Norwegians and Swedes and Germans had taken the plains from the Sioux. The settlers must have seen endless plains and eased their bones and said, “Here as well as anywhere, it’s all the same.”

The town became a place for wage earners. It is a place for wage earners today—not very spirited people, not very thoughtful people.

Among these people I learned about the Second World War, hearing it from men in front of the courthouse, from those who had fought it. The talk was tough. Nothing to do with causes or reason; the war was right, they muttered, and it had to be fought. The talk was about bellies filled with German lead, about the long hike from Normandy to Berlin, about close calls and about the origins of scars just visible on hairy arms. Growing up, I learned about another war, a peninsular war in Korea, a gray war fought by the town’s Lutherans and Baptists. I learned about that war when the town hero came home, riding in a convertible, sitting straight-backed and quiet, an ex-POW.

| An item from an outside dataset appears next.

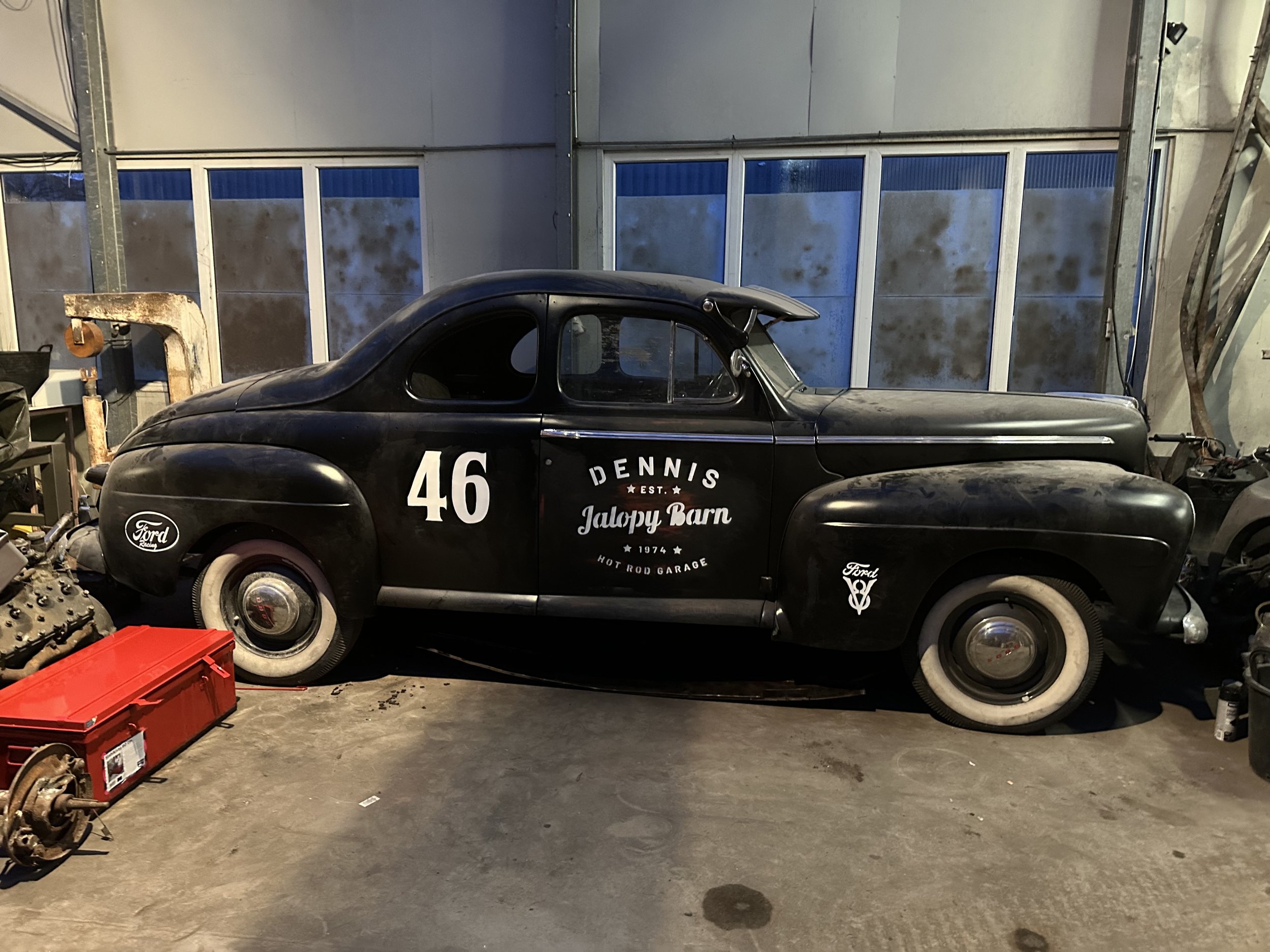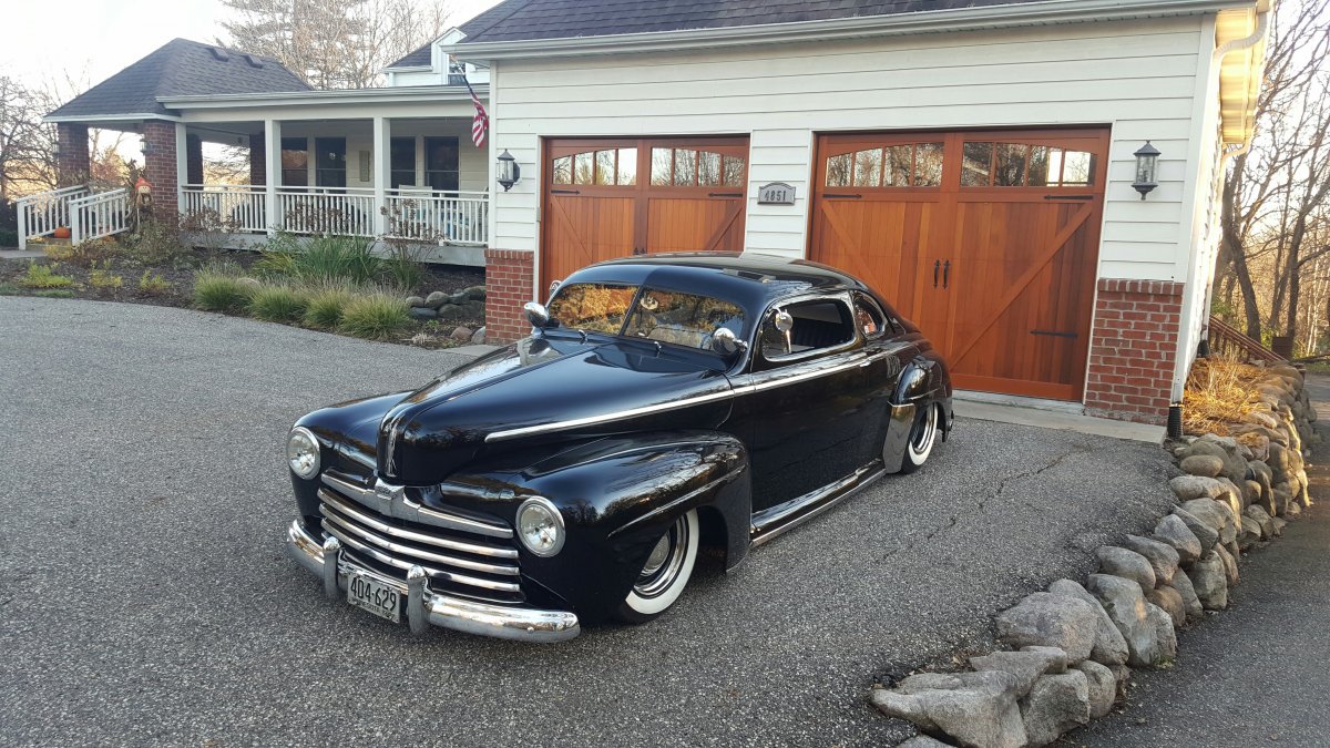 HERES MY BUDDY BUNKY 46 FORD COUPE HE BUILT IT 1988 OUT OF A RUST BUCKET THAT MOST WOULD USE FOR A PARTS CAR:cool:

The town called itself Turkey Capital of the World. In September the governor and some congressmen came to town. People shut down their businesses and came in from their farms. Together we watched trombones and crepe-paper floats move down mainstreet. The bands and floats represented Sheldon, Tyler, Sibley, Jackson, and a dozen other neighboring towns.

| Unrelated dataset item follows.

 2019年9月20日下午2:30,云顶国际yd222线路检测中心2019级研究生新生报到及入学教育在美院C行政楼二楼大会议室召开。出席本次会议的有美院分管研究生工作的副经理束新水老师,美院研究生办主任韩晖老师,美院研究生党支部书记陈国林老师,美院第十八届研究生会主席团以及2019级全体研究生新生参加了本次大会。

Turkey Day climaxed when the farmers herded a billion strutting, stinking, beady-eyed birds down the center of town, past the old Gobbler Cafe, past Woolworth’s and the Ben Franklin store and the Standard Oil service station. Feathers and droppings and popcorn mixed together in tribute to the town and the prairie. We were young. We stood on the curb and blasted the animals with ammunition from our peashooters.

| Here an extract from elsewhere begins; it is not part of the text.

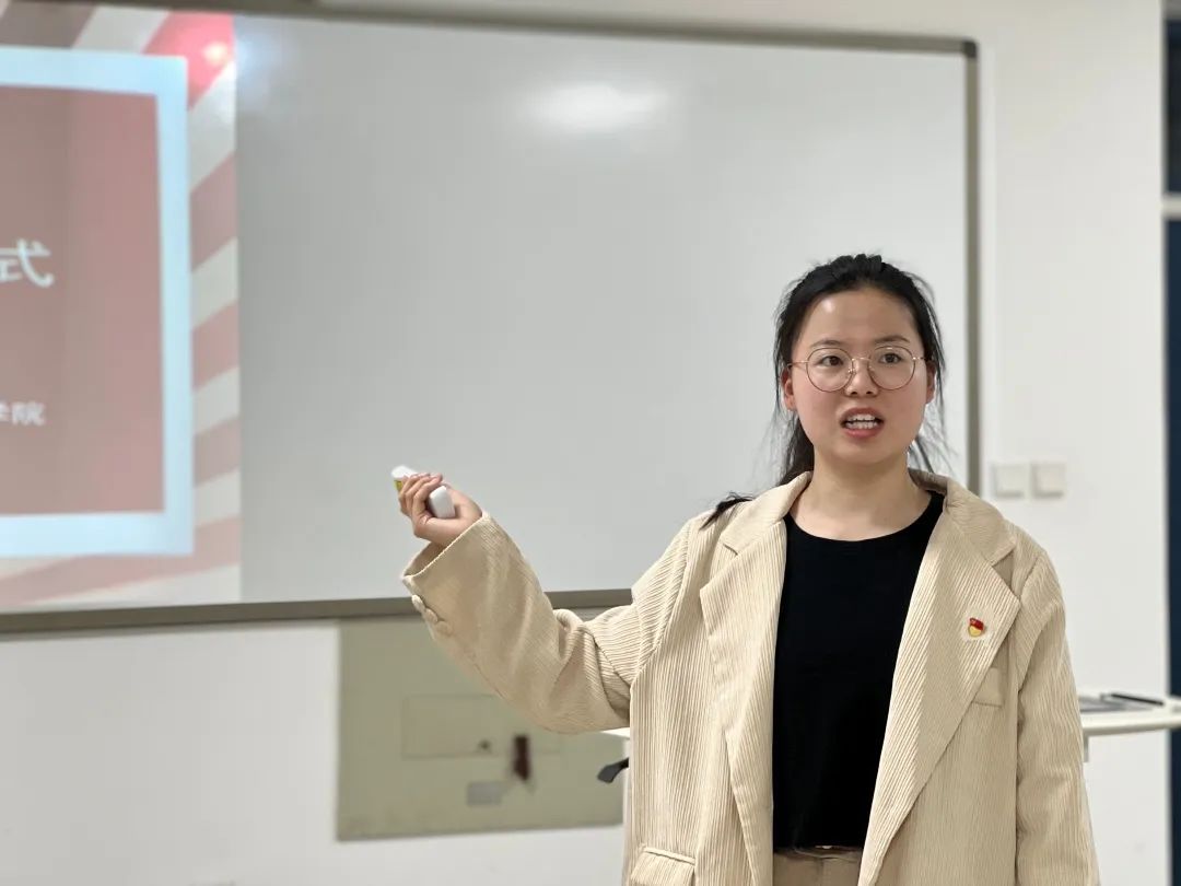 团总支组织部部长郭爱琳详细介绍了组织部党团建工作的内容、重要性以及需要各学生干部配合的重点。

We listened to Nelson Rockefeller and Karl Rölvaag and the commander of the Minnesota VFW, trying to make sense out of their words, then we went for twenty-five-cent rides on the Octopus and Tilt-A-Whirl.

I couldn’t hit a baseball. Too small for football, but I stuck it out through junior high, hoping something would change. When nothing happened, I began to read. I read Plato and Erich Fromm, the Hardy boys and enough Aristotle to make me prefer Plato. The town’s library was quiet and not a very lively place—nothing like the football field on an October evening and not a very good substitute. I watched the athletes from the stands and cheered them at pep rallies, wishing I were with them. I went to homecoming dances, learned to drive an automobile, joined the debate team, took girls to drive-in theaters and afterward to the A & W root beer stand.

I took up an interest in politics. One evening I put on a suit and drove down to the League of Women Voters meeting, embarrassing myself and some candidates and most of the women voters by asking questions that had no answers.

I tried going to Democratic party meetings. I’d read it was the liberal party. But it was futile. I could not make out the difference between the people there and the people down the street boosting Nixon and Cabot Lodge. The essential thing about the prairie, I learned, was that one part of it is like any other part.

At night I sometimes walked about the town. “God is both transcendent and imminent. That’s Tillich’s position.” When I walked, I chose the darkest streets, away from the street lights. “But is there a God? I mean, is there a God like there’s a tree or an apple? Is God a being?” I usually ended up walking toward the lake. “God is Being-Itself.” The lake, Lake Okabena, reflected the town-itself, bouncing off a black-and-white pattern identical to the whole desolate prairie: flat, tepid, small, strangled by algae, shut in by middle-class houses, lassoed by a ring of doctors, lawyers, CPA’s, dentists, drugstore owners, and proprietors of department stores. “Being-Itself? Then is this town God? It exists, doesn’t it?” I walked past where the pretty girls lived, stopping long enough to look at their houses, all the lights off and the curtains drawn. “Jesus,” I muttered, “I hope not. Maybe I’m an atheist.”